Ben found the number in the book: Richard A. MacLane, a 64th Street address. He called, but there was no answer.
He got a handful of change from the cashier and went back to the telephone and placed a call to Philadelphia. Leah, his stepmother, answered and became warmly excited at the sound of his voice. He talked to Leah, to his father, to his hero-worshiping half brother and two half sisters. His father came back on the line and said, “How soon are you coming down, son? Today?”
“Soon. I guess. I’ll let you know. There’s — some people I want to see.”
He knew his father detected the restraint. “Well, don’t wait too long. The kids want to see you. So do I.”
“Okay, Dad. I’ll let you know.”
After he hung up he went back to the counter for another cup of coffee. He knew his hands trembled a bit. He could imagine how it would be later when his family was questioned about his failure to report. “And how did your son act when you saw him, Mr. Morrow?”

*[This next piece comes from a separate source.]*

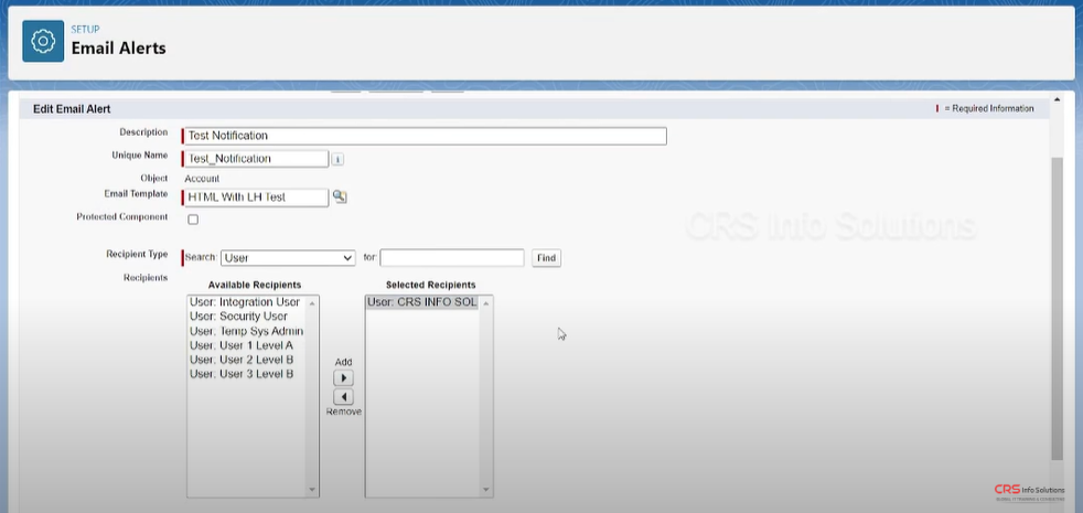 On the other hand, if you want the workflow to send an email, you can set up the email template it should use and the intended recipients as shown below.Â

“He seemed the same as always. A little tense, maybe, but that would be understandable, wouldn’t it?”
“So far as you know, he planned to report when his leave was over?”
“Yes.”
Ben could see all that clearly, but he could not visualize where he would be. The world would end when the twenty-seven days were gone.
He wondered where this idea of running away had started. Maybe it had begun on a half-forgotten playground, with a deft avoiding of a scrap, because the other kid was bigger. Maybe he had saved face by starting a quarrel with somebody easier to handle. Maybe he had saved pride by forgetting the whole incident as quickly as possible.
To think of it as just a lack of courage was an oversimplification. MacLane would understand that. Somehow Ben’s conditioning had failed him, had slipped aside like a shield and left him naked. If that was true, then the inference was that he had never been completely tested before, and thus had never known how quickly the breaking point could be reached. He had crashed in a trainer once, but he’d been too busy that time to think about anything. But in Korea the slow descent of the chute had given him time to think, and that was what was bad. He’d had time to think of how thin his skin was, how warm and tight over the little white nerve endings. After MacLane’s talks the ship had begun to feel strange under his hands, and all the fliers had begun to look like strangers.
And he remembered how everything had been so orderly and uncomplicated at MacDill. That was when he had had the red convertible, and they used to take the girls over to Clearwater. That was when you knew you were a little bit better than any other breed of man. You were a tiger.
He wondered if the agency where Dick had worked would know anything about Helen. He went to the classified directory and ran his finger down the long columns of advertising agencies, knowing he would recognize the name when he saw it. Christy & Reeves, Rockefeller Plaza. He dialed and asked for the copy chief.